Simulated Author's Rebuttal

3 responses · 0 unresolved

We thank the referee for the constructive comments on our manuscript. We address each major comment below and describe the revisions we will make to provide the requested quantitative support.

read point-by-point responses
  1. Referee: [Abstract and Methods] Abstract and Methods: The assertion that class evidence maps are 'faithful to the decision-making process' is not accompanied by quantitative faithfulness evaluations. No deletion/insertion AUC curves, no comparison against occlusion-based ground truth, and no controlled ablations that isolate whether the maps change when the model is forced to rely on different features are reported.

    Authors: We agree that quantitative faithfulness evaluations are necessary to rigorously support the claim. The current manuscript emphasizes the architectural design that ensures the evidence maps are derived directly from the model's decision process, but we acknowledge the absence of empirical metrics. In the revised version, we will add deletion/insertion AUC curves, comparisons against occlusion-based ground truth, and controlled ablations that demonstrate how the maps respond when the model is forced to rely on different features. revision: yes

  2. Referee: [Methods] Methods (2D projection layer description): The claim that the 2D projection preserves the structure of the learned representation space without introducing misleading artifacts lacks supporting metrics. No nearest-neighbor preservation scores, no comparison of clustering quality (e.g., silhouette score or k-NN accuracy) before versus after projection, and no sensitivity analysis to projection hyperparameters are provided.

    Authors: We concur that additional quantitative metrics are required to validate the 2D projection layer. While the layer is intended to preserve representation structure, the manuscript currently lacks explicit supporting analyses. In the revision, we will include nearest-neighbor preservation scores, comparisons of clustering quality (silhouette score and k-NN accuracy) before versus after projection, and a sensitivity analysis to projection hyperparameters. revision: yes

  3. Referee: [Results] Results: The headline performance claim of reaching a 'performance range similar' to models with up to 16× the parameters is stated without tabulated quantitative comparisons, exact accuracy/F1/AUC numbers on the downstream tasks, or ablation studies isolating the contribution of the interpretability components versus standard SSL backbones.

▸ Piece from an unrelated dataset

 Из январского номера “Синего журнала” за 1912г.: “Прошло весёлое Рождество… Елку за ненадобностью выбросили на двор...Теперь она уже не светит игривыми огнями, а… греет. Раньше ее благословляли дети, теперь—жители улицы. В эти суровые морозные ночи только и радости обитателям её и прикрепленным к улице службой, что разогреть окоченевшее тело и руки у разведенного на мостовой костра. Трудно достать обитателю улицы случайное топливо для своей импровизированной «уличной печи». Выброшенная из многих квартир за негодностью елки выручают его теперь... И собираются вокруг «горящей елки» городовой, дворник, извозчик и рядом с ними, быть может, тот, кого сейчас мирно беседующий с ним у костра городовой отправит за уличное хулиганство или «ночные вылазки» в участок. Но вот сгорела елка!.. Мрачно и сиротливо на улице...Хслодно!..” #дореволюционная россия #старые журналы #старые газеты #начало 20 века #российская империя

    Authors: We recognize that the performance claims require more detailed quantitative backing. The manuscript reports that performance reaches a similar range to larger models, but does not provide tabulated exact metrics or isolating ablations. In the revised Results section, we will add tabulated comparisons with exact accuracy, F1, and AUC numbers on the downstream tasks, along with ablation studies that isolate the contribution of the interpretability components versus standard SSL backbones. revision: yes

Circularity Check

0 steps flagged

No significant circularity in derivation chain

full rationale

The paper's central claims rest on large-scale empirical SSL pretraining of Dual-IFM on 800k fundus images followed by downstream task evaluation, with performance compared to larger models and interpretability asserted via class evidence maps and 2D projections. No equations, fitted parameters renamed as predictions, or self-citation chains are presented that reduce any result to its own inputs by construction. The methodology is self-contained against external benchmarks through reported training and testing protocols rather than definitional or self-referential reductions.

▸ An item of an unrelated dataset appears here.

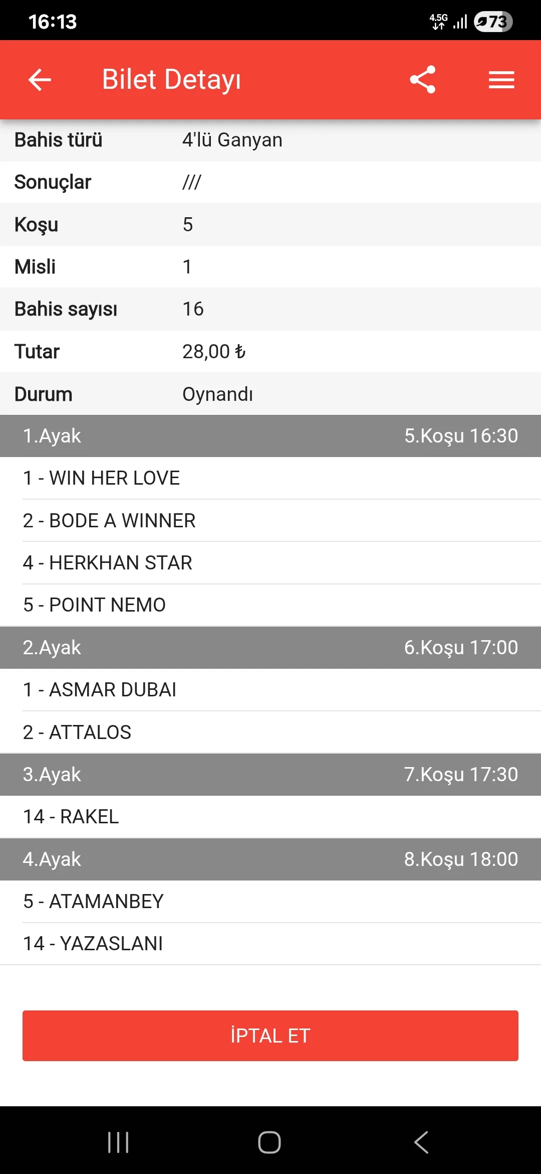 Bu 4 nolu tayı anlayamamışız demek ki favoriymiş at.

Axiom & Free-Parameter Ledger

0 free parameters · 0 axioms · 0 invented entities

Only the abstract is available, so no specific free parameters, axioms, or invented entities can be extracted or verified.

pith-pipeline@v0.9.0 · 5502 in / 1069 out tokens · 43118 ms · 2026-05-15T08:47:40.034485+00:00 · methodology

discussion (0)

Sign in with ORCID, Apple, or X to comment. Anyone can read and Pith papers without signing in.

Lean theorems connected to this paper

Citations machine-checked in the Pith Canon. Every link opens the source theorem in the public Lean library.

What do these tags mean?
matches
The paper's claim is directly supported by a theorem in the formal canon.
supports
The theorem supports part of the paper's argument, but the paper may add assumptions or extra steps.
extends
The paper goes beyond the formal theorem; the theorem is a base layer rather than the whole result.
uses
The paper appears to rely on the theorem as machinery.
contradicts
The paper's claim conflicts with a theorem or certificate in the canon.
unclear
Pith found a possible connection, but the passage is too broad, indirect, or ambiguous to say the theorem truly supports the claim.

Reference graph

Works this paper leans on

33 extracted references · 33 canonical work pages

  1. [1]

    Nature Machine Intelligence5(9), 1006– 1019 (2023)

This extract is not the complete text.